Better way to do this?

Recommended Posts

cuShane

I can do what I am trying to do, but it's ugly. If anyone can give me some tips on a better way to do this I'd love to hear them.

The purpose of this section of the script is to retrieve and parse some html source code. The script should locate all the places in the source where a number of views is listed (e.g. "2018 views") It should then identify where it lists the highest number of views. Once it has identified the location in the string of the highest number of views, the script should then parse the name of the file listed before, but closest to, that location (which can be identified by finding "Filename=").

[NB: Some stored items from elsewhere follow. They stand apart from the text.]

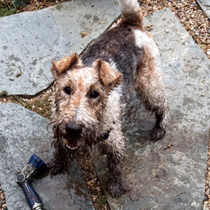 Fortunately, during the routine exam it was discovered that Zeus had bladder stones requiring immediate surgery. He recovered just fine. However, to prevent stones from forming in the future, Zeus eats a prescription diet which ATRA provides. Zeus is relishing the attention and love that Tracy gives him. He is very affectionate and endearing. But watch out if you turn on the hose to water the garden! Zeus turns into a maniac!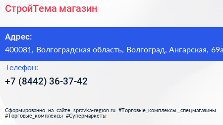 СтройТема, магазин по адресу 400081, Волгоградская область, Волгоград, Ангарская, 69а в дальнейшем Организация, размещена в следующих категориях: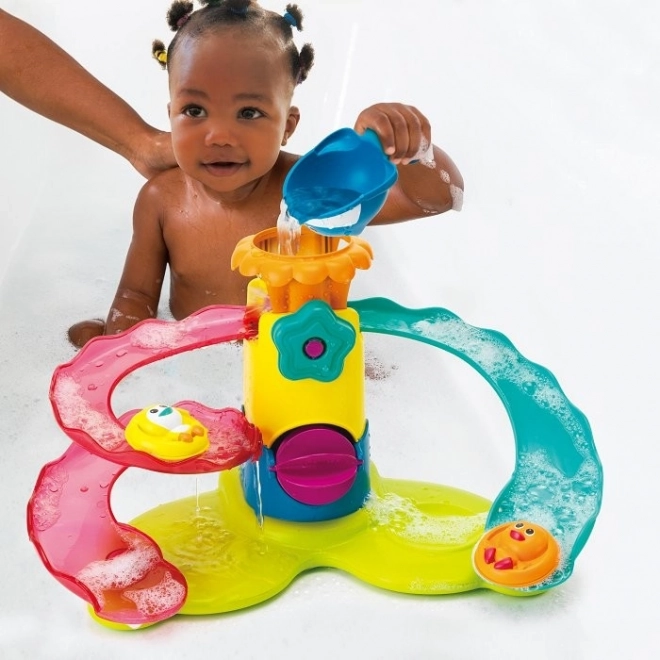Denne farverige akvapark med to rutsjebaner bringer masser af sjov og glæde til ethvert bad.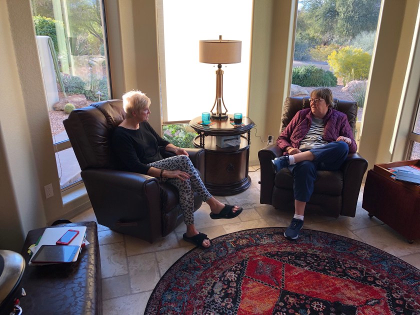 We went over to Frank and Pattie‘s home in Rio Verde for dinner and laundry. Frank is Susan’s brother. They spend half of their time in AZ and half in MN. Soon maybe a bit more in AZ. Frank and I were busy talking about Verizon vs AT&T. Susan and Pattie were busy chatting about dinner things.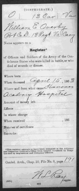 28 (date buried 4-28-1863) Overby, Wm E Pri. Co D 13th Sussex Va Cav.) Robert & Mary Overby (parents)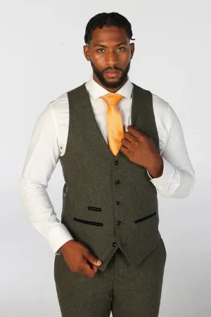 Heren olijfgroene wolmix tweed formele vesten

The file name should be stored as $imgname.

CODE
$HTMLSource = _IEBodyReadHTML($o_IE) ;get html source code

$output = StringSplit($HTMLSource, @CRLF) ;split the code into lines

$hit = 0 ;used to denote if any results located (0 = false, 1 = true)

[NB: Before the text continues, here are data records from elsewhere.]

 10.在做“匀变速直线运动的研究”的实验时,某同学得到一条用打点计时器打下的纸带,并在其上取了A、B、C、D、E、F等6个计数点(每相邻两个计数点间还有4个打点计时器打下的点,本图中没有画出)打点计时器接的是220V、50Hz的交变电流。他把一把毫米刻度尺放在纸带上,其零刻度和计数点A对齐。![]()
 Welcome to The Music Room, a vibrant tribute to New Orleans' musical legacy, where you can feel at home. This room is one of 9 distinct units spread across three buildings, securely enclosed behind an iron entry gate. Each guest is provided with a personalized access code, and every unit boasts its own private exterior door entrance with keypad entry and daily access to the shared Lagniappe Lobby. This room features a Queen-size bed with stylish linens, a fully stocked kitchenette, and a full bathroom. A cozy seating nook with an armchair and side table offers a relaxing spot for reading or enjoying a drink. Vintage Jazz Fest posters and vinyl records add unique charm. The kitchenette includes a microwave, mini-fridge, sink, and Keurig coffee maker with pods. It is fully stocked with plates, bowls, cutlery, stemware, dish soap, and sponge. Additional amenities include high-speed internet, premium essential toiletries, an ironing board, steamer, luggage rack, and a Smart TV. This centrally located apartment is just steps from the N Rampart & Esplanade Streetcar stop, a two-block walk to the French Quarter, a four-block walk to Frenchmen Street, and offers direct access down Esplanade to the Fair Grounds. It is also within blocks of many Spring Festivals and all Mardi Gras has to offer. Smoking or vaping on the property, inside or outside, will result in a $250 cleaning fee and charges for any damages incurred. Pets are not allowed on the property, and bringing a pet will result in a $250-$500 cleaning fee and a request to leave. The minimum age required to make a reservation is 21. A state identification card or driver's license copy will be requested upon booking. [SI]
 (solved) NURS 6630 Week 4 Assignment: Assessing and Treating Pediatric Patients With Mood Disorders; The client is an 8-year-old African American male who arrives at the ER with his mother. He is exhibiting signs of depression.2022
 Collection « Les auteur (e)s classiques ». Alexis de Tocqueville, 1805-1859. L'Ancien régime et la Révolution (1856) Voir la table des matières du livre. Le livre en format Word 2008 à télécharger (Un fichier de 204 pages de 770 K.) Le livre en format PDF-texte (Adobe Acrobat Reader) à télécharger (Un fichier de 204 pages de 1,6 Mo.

;gather results by searching for the word "views"

For $i = 1 To $output[0]

If StringInStr($output[$i], "views") Then

$hit = 1

$resultPos = StringInStr($output[$i], "views") ;get position of the word "views"

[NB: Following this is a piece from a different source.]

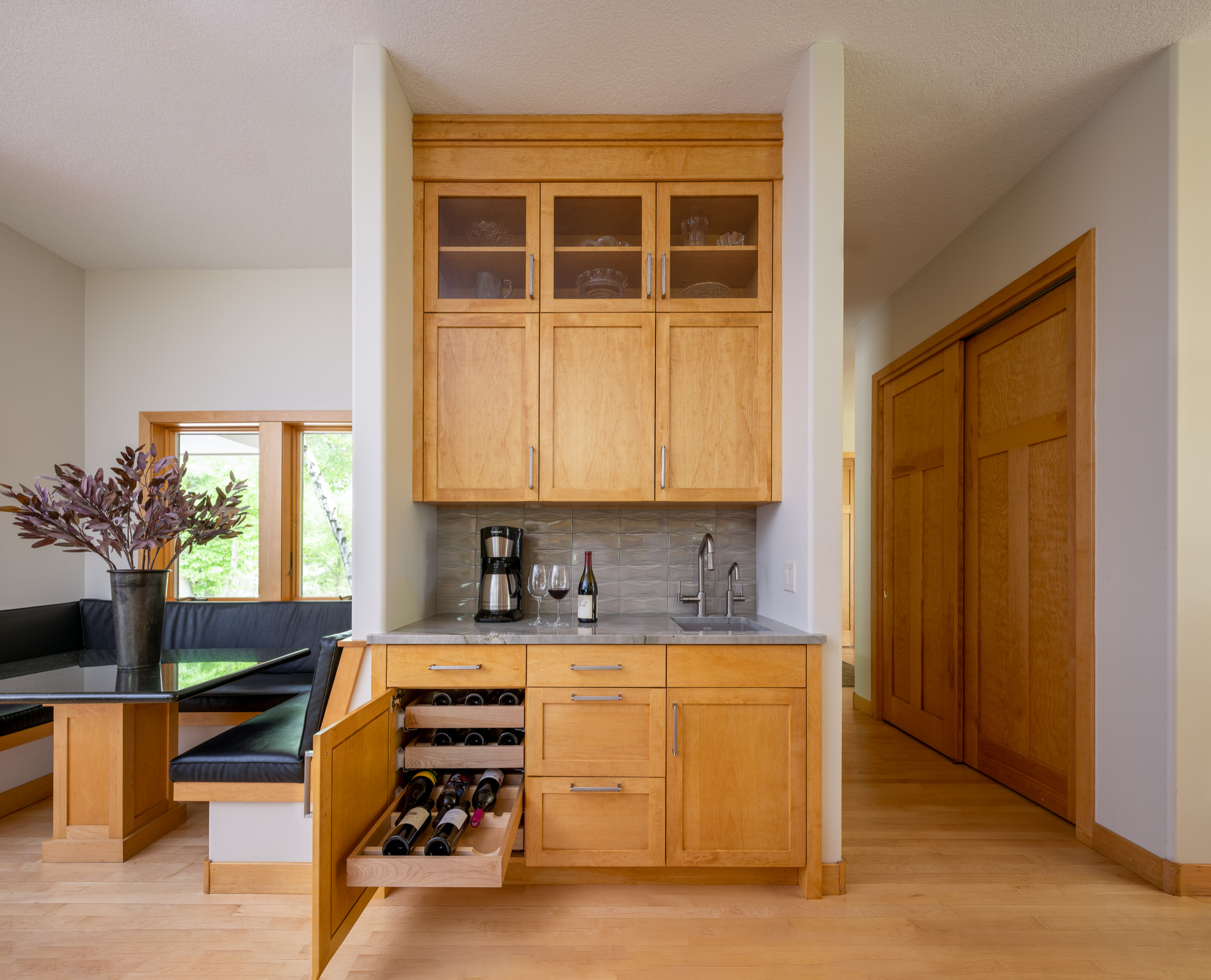 Maple cabinetry and a quartzite countertop lend a warm, earthy feel to this wet bar, which has custom cabinet pullouts for wine storage. Built into a Prairie-style Minnesota home designed by LiLu Interiors, the bar shares materials and space with the kitchen and built-in dining nook, the latter of which looks like the perfect spot to host a wine tasting.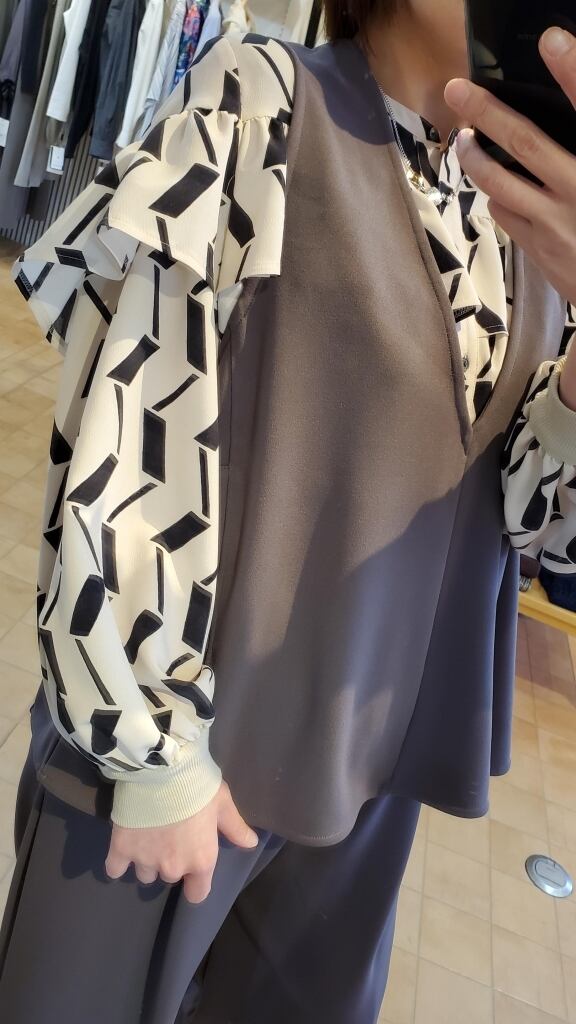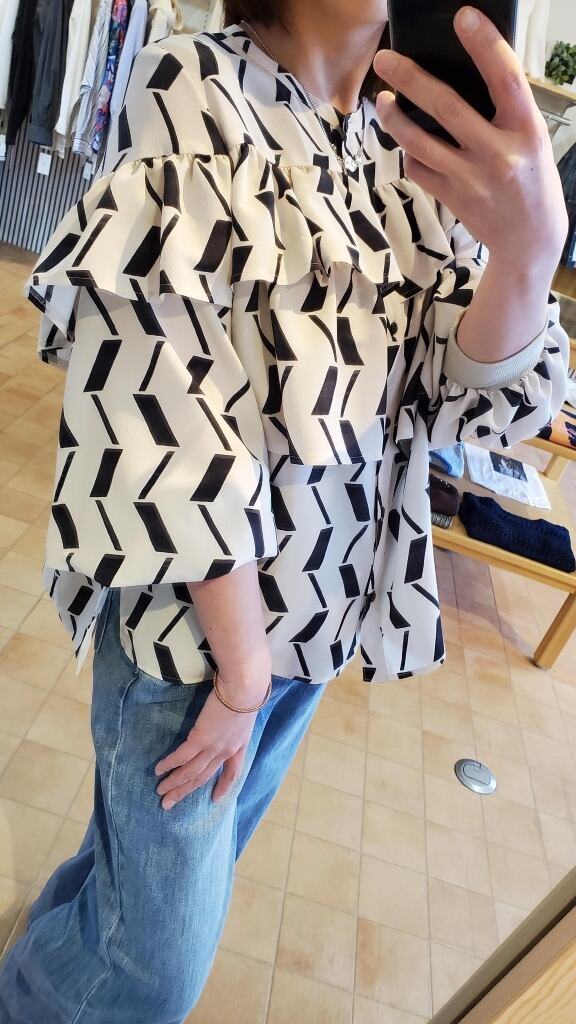 再入荷★<トロア> ジオメトリックプリントフリルブラウス

;get the number of views by isolating the number before the word "views"

$count = StringMid ( $output[$i], $resultPos - 10, 10 )

$count = StringRegExpReplace ( $count, "[^0-9]", "")

;add resulting number of views to the appropriate arrays

_ArrayAdd($viewsarray, $count)

EndIf

Next

;______________________________sect5.3________________________________

;If any results were found identify the one with the most views, locate the filename in the html source, and generate the image URL

if $hit Then

$mostPOS = StringInStr($HTMLSource,_ArrayMax($viewsarray,1) & " views",0,-1) ;get position of most views

$smallerStr = StringLeft($HTMLSource, $mostPOS) ;drop all text after the position with the most views

$result1 = StringInStr($smallerStr, "Filename",0,-1) ;position of the last instance of the word "Filename"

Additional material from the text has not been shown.